Principle No. 2: Conduct and Accountability

All SCA members shall treat everyone with dignity and respect, and shall adhere to zero tolerance against all forms of discrimination and harassment.  Members shall not engage in illegal or unethical behavior, but instead shall foster a supportive and safe working environment.  Members shall adopt a preservation ethic and avoid activities that enhance the commercial value of archaeological objects. Members shall respect intellectual property and confidentiality of information from the archaeological record.

Principle No. 3:  Descendant Communities

All SCA members shall commit to meaningful consultation in good faith with descendant communities with the goal of establishing working relationships that can be beneficial to all parties involved.  Members shall respect confidentiality of sensitive information and items of cultural patrimony. Where such information or access to items has been provided, members shall obtain permission prior to sharing in any format and credit the source. 
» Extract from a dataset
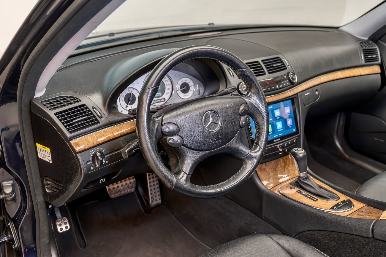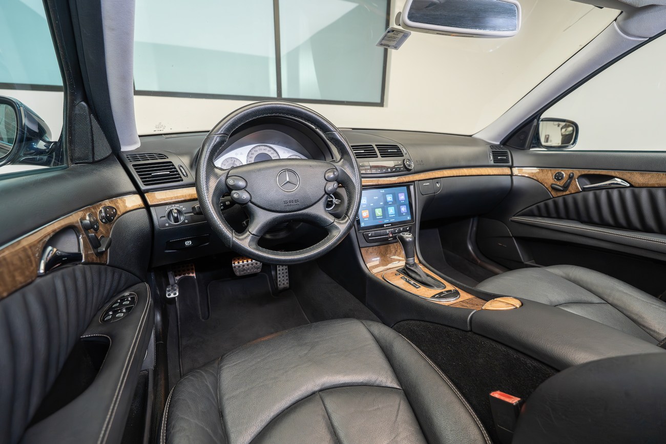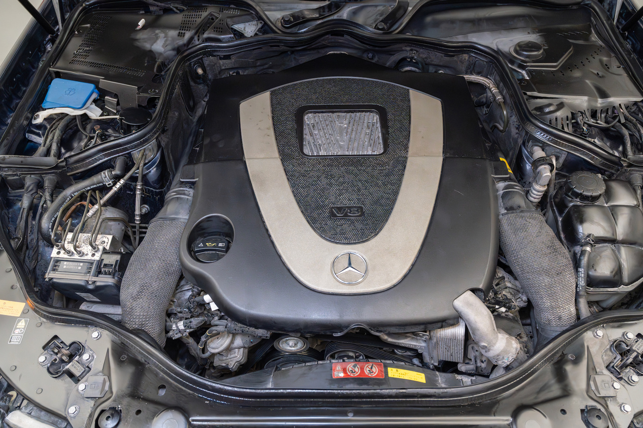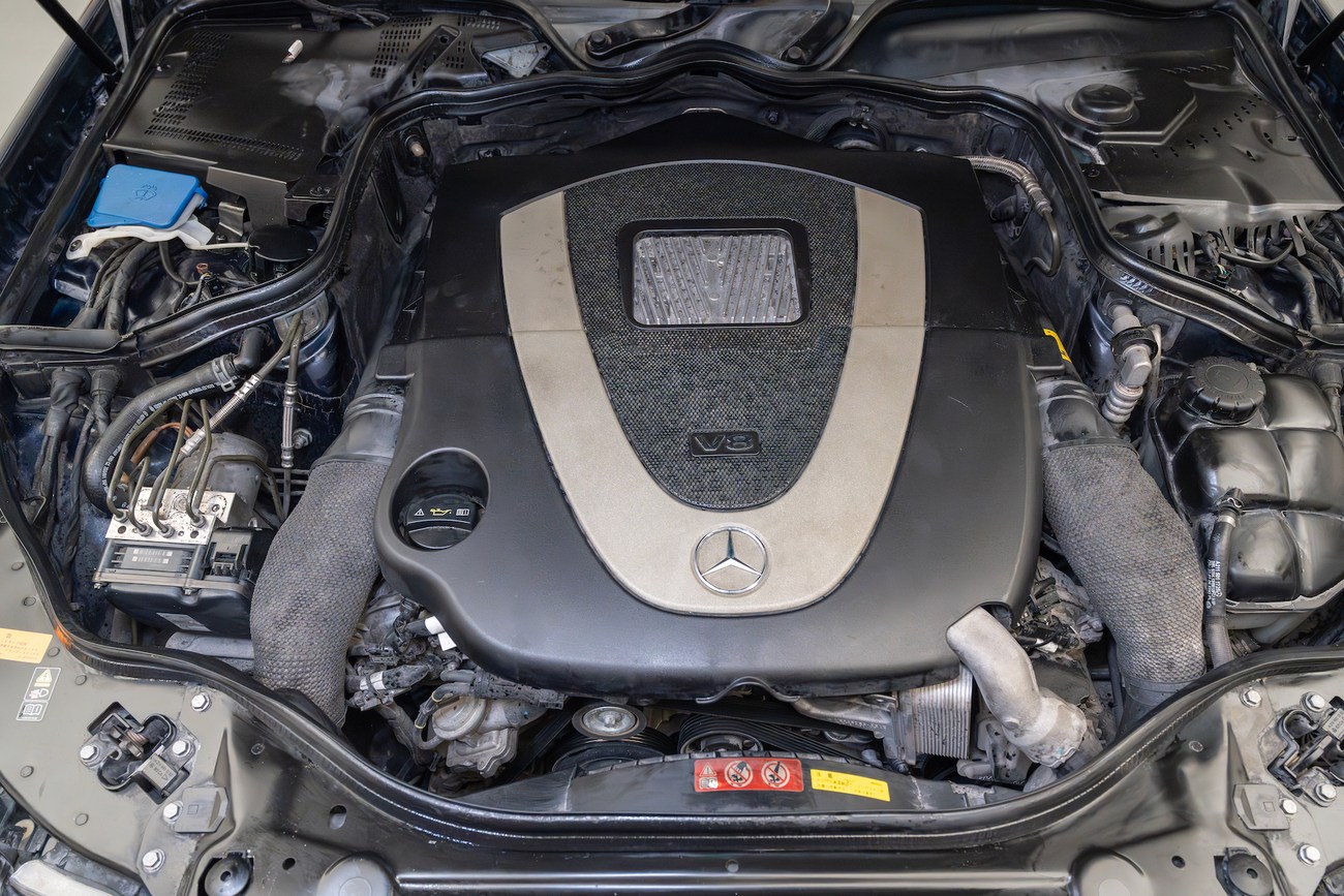 This S211 is powered by a 5.5-liter V8 which is factory rated at 382 horsepower and 391 lb-ft of torque. Power is sent to the rear wheels through a seven-speed automatic transmission. In preparation for the sale, the most recent service was completed in October 2025 and included a transmission fluid and filter change along with a fresh oil service.

Principle No. 4: Public Engagement

SCA members have a responsibility to share results of studies with the public in an accessible format within a reasonable timeframe, while maintaining confidentiality of sensitive information, being respectful of the concerns of descendent communities, and maintaining compliance with regulatory statutes and legal agreements.  Members should undertake to: 1) enlist public support for the stewardship of the archaeological record; 2) explain and promote the use of archaeological methods and techniques in understanding human behavior and culture; and 3) communicate archaeological interpretations of the past.

Ethical Code of Conduct

Professional Conduct

  • Give credit to colleagues in written and verbal communications; cite all sources accurately and do not plagiarize.
  • Communicate and cooperate with archaeologists working in the same area of study.
  • Be objective and respectful in peer reviews.
  • Do not discredit others’ work for personal gain or vengeance.
  • Avoid conflicts of interest.
  • Maintain proficiency regarding professional practices, including regional and site-specific contexts, and be informed about advancements in research questions and methods.
  • Involve appropriate museums and cultural centers in the educational analysis, display, and long-term care of cultural collections.
  • Obtain all necessary permits and permission from land owners/managers prior to conducting field work.

Descendant Communities

  • Conduct meaningful consultation with appropriate representatives of descendant communities on appropriate treatment of sites of religious, ceremonial, or social significance in all phases of archaeological research and resource management.
  • Support the rights of descendant communities to practice their ceremonial traditions at desired locations, as appropriate.
  • Comply with procedures specified in state and federal law regarding the discovery of Native American human remains.

Archaeological Record

  • Do not conduct unwarranted archaeological excavations.
  • Do not engage in or be complicit with illicit export or import and/or sale of cultural property.
  • Do not subvert legal procedures for the preservation of archaeological resources.
  • Prepare a research design and work plan before conducting any archaeological fieldwork.
  • Prepare for curation prior to field investigations.
  • Make arrangements for security at all open excavation sites where vandalism is possible.
  • Do not destroy entire upper cultural strata to expedite the examination of lower levels.
  • Do not collect or excavate archaeological resources for the sole purpose of teaching field techniques.
  • Maintain provenience records and narratives of field work and analysis.
  • Assess site eligibility objectively referencing best available information.
  • Maintain confidentiality of site locations and any other sensitive information.
  • Submit study reports to the appropriate California Historical Resources Information System Regional Information Center in a timely manner.
  • Write excavation summaries within five years of completion of fieldwork.